For a few students, Langley Park’s most important landmark is actually not the Tick Tock liquor store.
Tucked away just behind the building, fewer than two miles from the campus, lies an old, decaying, vandalized mansion that has been unoccupied for decades. But with the help of a Gemstone research team, the McCormick-Goodhart Mansion will become a Langley Park community center. The project could mark a turning point in improving the university’s somewhat standoffish relationship with this low-income, predominantly immigrant neighborhood.
One of the members of the research group, Allison Wilson, decided she wanted to work to improve Langley Park during her freshman year, after taking the honors seminar “Just a Mile Away: The Langley Park Neighborhood and the Making of a New America.”
“When I saw the building, I was inspired because it’s a great piece of architecture,” the architecture major said.

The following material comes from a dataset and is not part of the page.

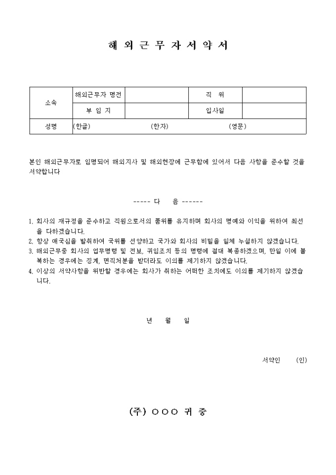 해외 근무자 서약서

But her interests quickly switched to social activism. The group of eight Gemstone students is surveying Langley Park residents to determine how the community center could meet the needs of the local population, which is 72 percent foreign-born.
Bill Hanna, who teaches the Langley Park seminar, lauded the Gemstone group’s endeavors, saying a large community space in Langley Park would help lower crime and high school drop-out rates – which he estimated at roughly 50 percent.
Jennifer Freedman, the director of development for CASA of Maryland – the non-profit immigrant advocacy group which recently acquired the mansion – was thrilled when Wilson first offered the team’s assistance.
“It was a great match. We’re always excited to work with the university,” Freedman said. “We needed a lot of help. We were just getting started.”
The Gemstone team will report its findings to CASA of Maryland, which announced plans to renovate the mansion last October. CASA of Maryland hopes to begin construction on the renovations this summer and have the community center ready by fall 2009, Freedman said.
Although the Gemstone group members maintain it’s too early to draw conclusions from the roughly 200 surveys they have conducted at Langley Park health fairs, church services, supermarkets and other locations, CASA of Maryland has already put together plans for the community center’s programs. Freedman said the mansion will provide legal and health services, computer training, English classes, leadership development programs and economic development programs, in addition to becoming the headquarters for CASA of Maryland and other local minority advocacy groups.
Maj. Kevin Davis, the commander of District 1 for the Prince George’s County Police Department, which includes Langley Park, said tackling the community’s pervasive social issues helps reduce crime. The community center will provide a place for immigrants, particularly illegal immigrants, to seek government services without fear of police involvement, Davis said.
“It is important for us to remember there are a lot of cultural barriers that immigrants confront,” Davis said. “CASA will serve as that middle man to get people who are very, very vulnerable the help they need.”
CASA of Maryland’s executive director Gustavo Torres, while very appreciative of the Gemstone team’s work, said he would still like to see more effort from the university to address the needs of Langley Park.
“I believe that the University of Maryland is making a good contribution to this process and we are very excited about that. But I do believe there is huge room to improve,” Torres said. “We really want to partner with the University of Maryland and bring all the resources that they have to Langley Park. We are five minutes from the university, and it’s a great opportunity for the University of Maryland to partner with communities.”
Hanna, who said he uses Langley Park as a laboratory in teaching the honors course devoted to Langley Park each spring semester, agreed with Torres’ assessment.
“I guess there are a fair number of school kids [in Langley Park] who have some idea that there is a University of Maryland, but it’s more of a separate world I think,” Hanna said. “I think more and more we should have resources in Langley Park,” he said, adding that he wrote a letter to the provost this week calling for funding to set up programs in the university’s surrounding neighborhoods.
But it remains unclear how many students are aware of Langley Park’s needs or even its existence.
“The disparity between wealth, education, background and just a lack of information that there is out there is just outstanding,” Wilson said. “University of Maryland students need to care because [Langley Park] is a part of our community. We tend to live in a bubble on this campus. It’s not just about us.”
The McCormick-Goodhart Mansion itself, located on 15th Street off of University Boulevard, is surrounded by fence, with wooden boards where glass windows once stood. The remnants of illegible, scratched-off graffiti are still visible on the sides of its stone rear deck. The building stands at the center of an apartment complex that holds 587 low-income units, and it is just a short walk away from 1,500 additional low-income homes.
This central location’s potential to aid Langley Park citizens was not lost on Wilson.
“We’re hoping to create some kind of concrete impact on a town, on a community,” Wilson said.
And Torres remains optimistic that the university’s link to Langley Park will remain strong in years to come.
“I really appreciate everything the students are doing because they are so dedicated and investing a lot of time and energy in producing the report. It is just the beginning of our partnership with the University of Maryland,” Torres said.